I think its best to keep her off food for now but i always feel mean   Especially if you have others that are eating   Maybe stick with toast my mum always recomends that


----------



## emsy2525

hello ladies

how r u all today x


----------



## sallyanne1

Hi emsy im full of cold   How are you hun??

No news yet from veng ?


----------



## 7sector

Hi allybee  so sorry to hear about your afternoon. i really feel for me and my dh not getting on well so that is stressing plus im back to work in 2 weeks after year off and dont want to go.

to put a pic on hun veng told me how to do it use a program called tiny pic hun its so easy.

regards to feding when sick we all had sickess and diarohea bug not long ago my hv said if nico wants food let him have it if not just make sure he drinks weather it be his milk or water but advicably not juice. hope this helps you a little you will have to give me your mobile number hun.

hope littleone gets better.

jeanette


----------



## veng

thanks Hayley you are so nice   im not going to have ET thur  as im high risk of OHSS im to have them frozen i had 42 follies and 36 eggs total so 18 for me iam happy but still diappointed ,so i guess im back on the waitng game for AF so i can have FET


----------



## Just a girl

Veng - Hold in there sweetie , Will this affect if DP can be with you or not as I remember that you were trying to fit your tx in with DP being in the country? x x x


----------



## veng

they will call tomorrow to say how many out of my 18 have fertilised then freeze them so i guess if hubby deploys DEC its OK as we have his good stuff


----------



## Just a girl

Veng - That's the way to look at it    , 
Did they say what time they will be ringing you tomorrow?  Well more good luck wishes for you then that lots of your eggies get down and dirty tonight with hubbies good stuff and are all embies tomorrow    x x x


----------



## sallyanne1

Veng i posted on the other thread for you hun.

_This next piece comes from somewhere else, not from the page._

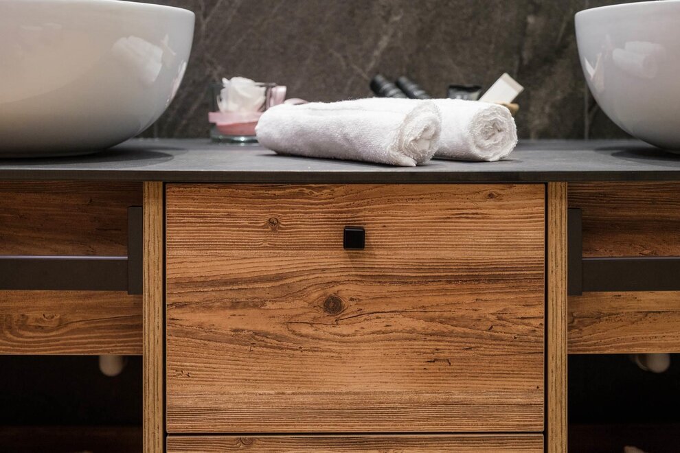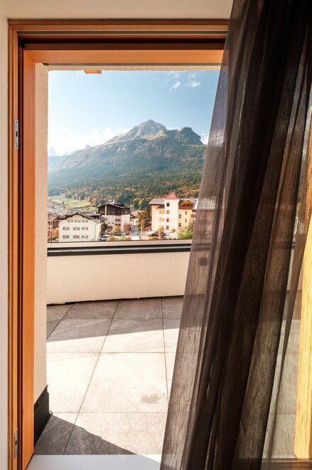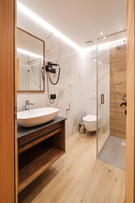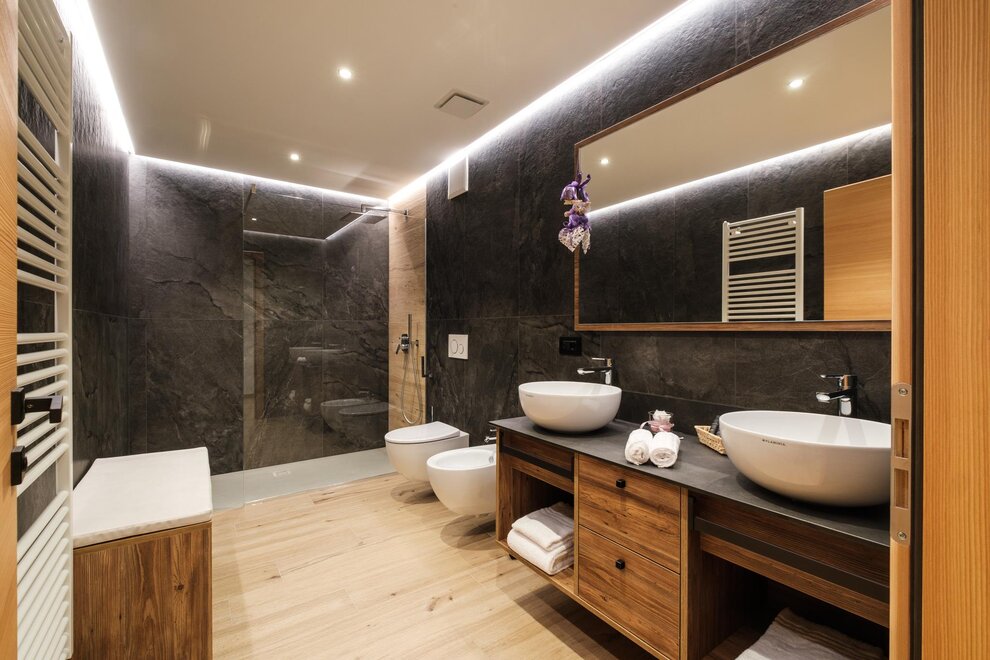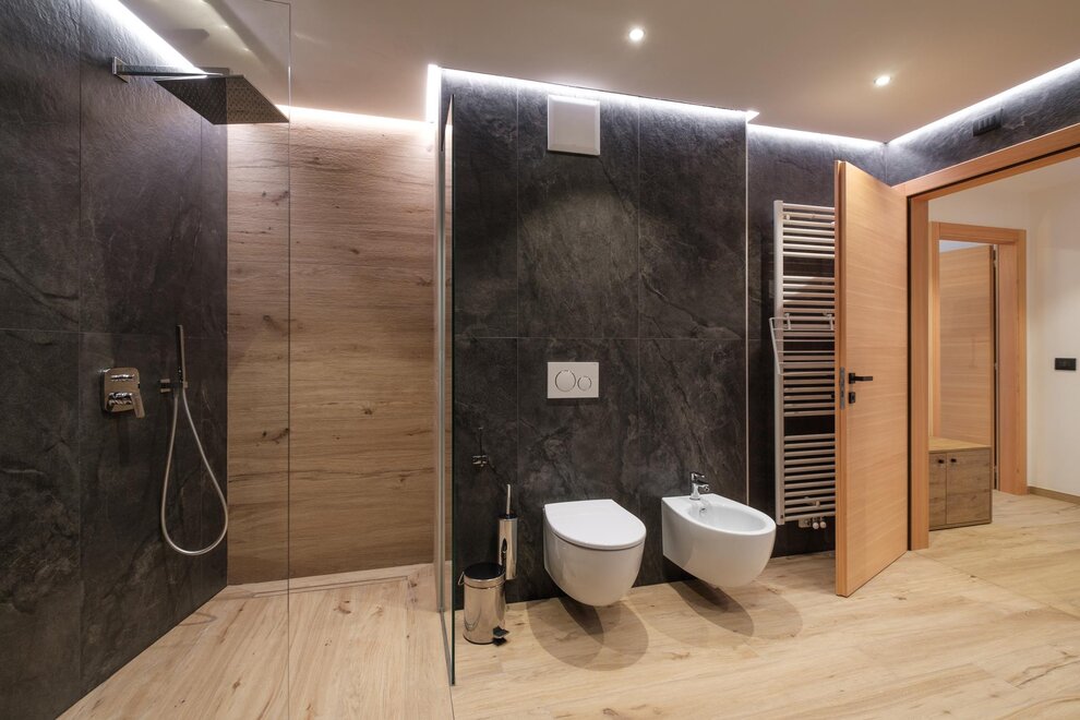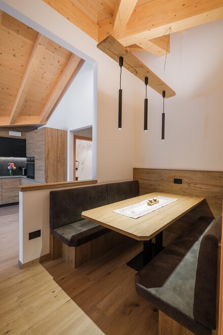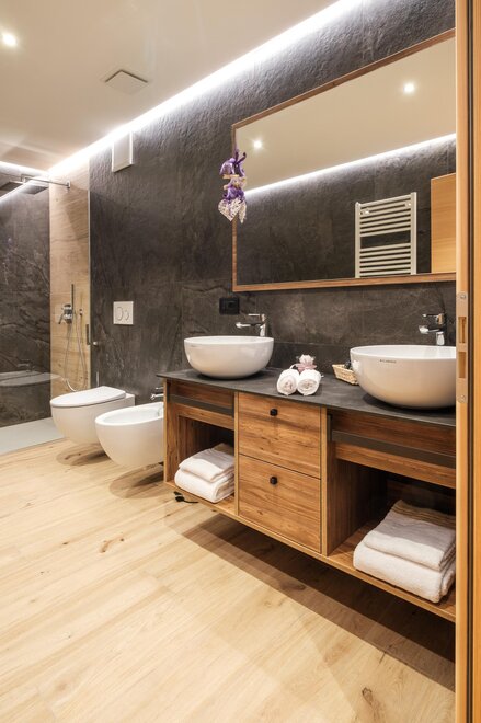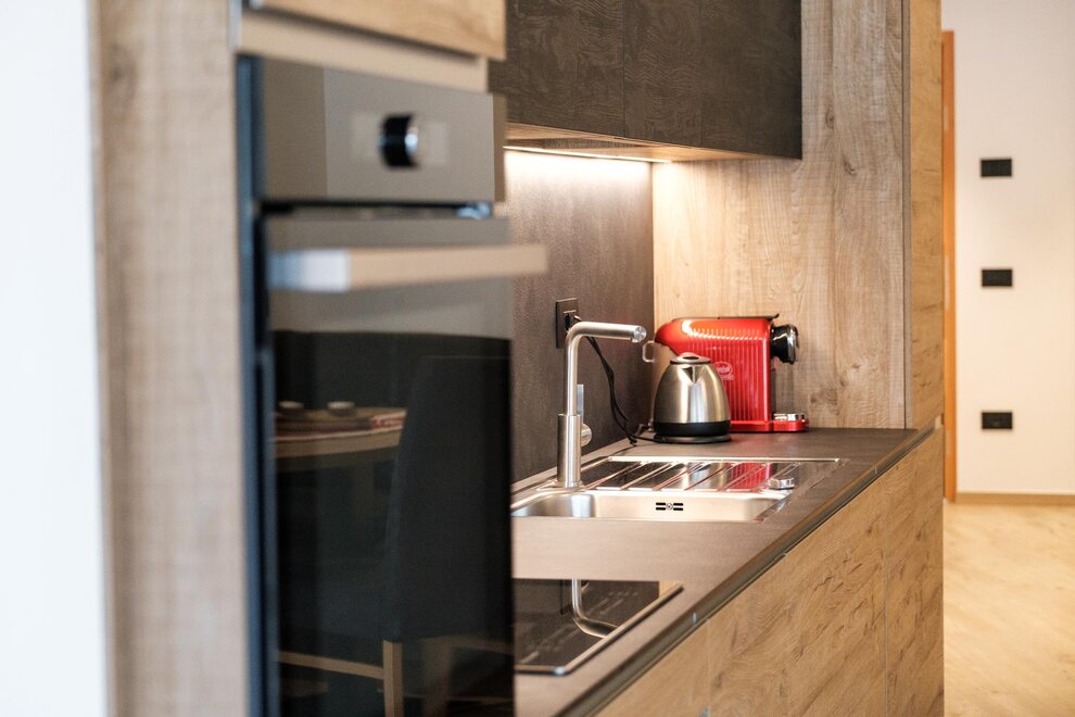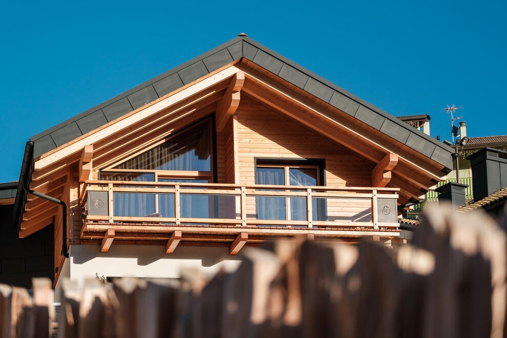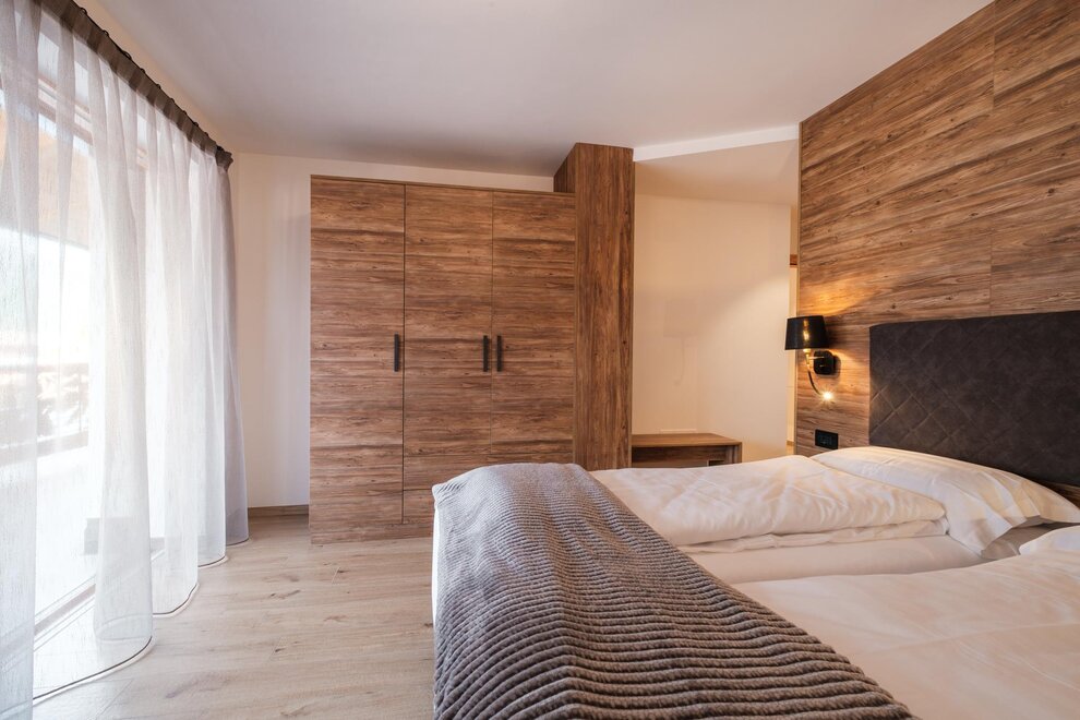 Die beste Wohnung im Dila befindet sich in der obersten Etage. Die Wohnung ermöglicht es Ihnen, die Berge in vollen Zügen zu erleben, denn sie hat ein sichtbares Holzdach und einen großen Balkon, von dem aus Sie den besten Blick auf die Brenta-Dolomiten haben. Das Erlebnis, das diese Wohnung bietet, ist unvergleichlich, denn Holz spielt überall eine große Rolle. Es gibt auch eine gemeinsame Terrasse auf der Rückseite, wo Sie sich in Ruhe entspannen können. Die Wohnung ist 80 Quadratmeter groß und besteht aus zwei Schlafzimmern mit Doppelbett, zwei Bädern, einem Wohnzimmer mit Küche und Schlafcouch. Die gewählte Einrichtung ist eine Mischung aus modernem und bergigem Stil, so dass Sie die Wärme eines Berghauses in Verbindung mit moderner Ästhetik spüren können. Außerdem verfügt die Wohnung über alle Annehmlichkeiten wie einen Smart-TV, eine Kaffeemaschine und einen elektrischen Wasserkocher.

The worst wait is waiting for that call hun      I would love to have seen your recips face when she heard how many you had given her


----------



## veng

after 2.30


----------



## veng

yes i agree sally she must be over the moon


----------



## Just a girl

Do any of you know how long it is before you can find our if your recipient got a bfp or not, I realise Jade did quite early but for some reason I got in my head you got to wait a year (or did I make that up?)


----------



## vikki75

veng - congrat on 36 eggies thats the same as me hun an i ended up having FET too good luck hunnie xxx
jag hunnie i found out straight away hun x


----------



## Just a girl

Cheers Vik x


----------



## KellyG

OMG girls i had to read 4 pages and i dont think i took it all in  

Veng thats fab news about your eggs, but sorry you have to wait again, isnt water suppose to help for OHSS?? are they gonna check you again or is that it and have to wait for fet??

Jade i got a doppler, cant hear anything yet and im just about ready to thro it across the room, cos all i can here is my heartbeat then my breathing so i hold my breath then my heart goes faster and then i just   and then give up  

Lou What did bubbas heart go like was it mad to hear, was the first time? 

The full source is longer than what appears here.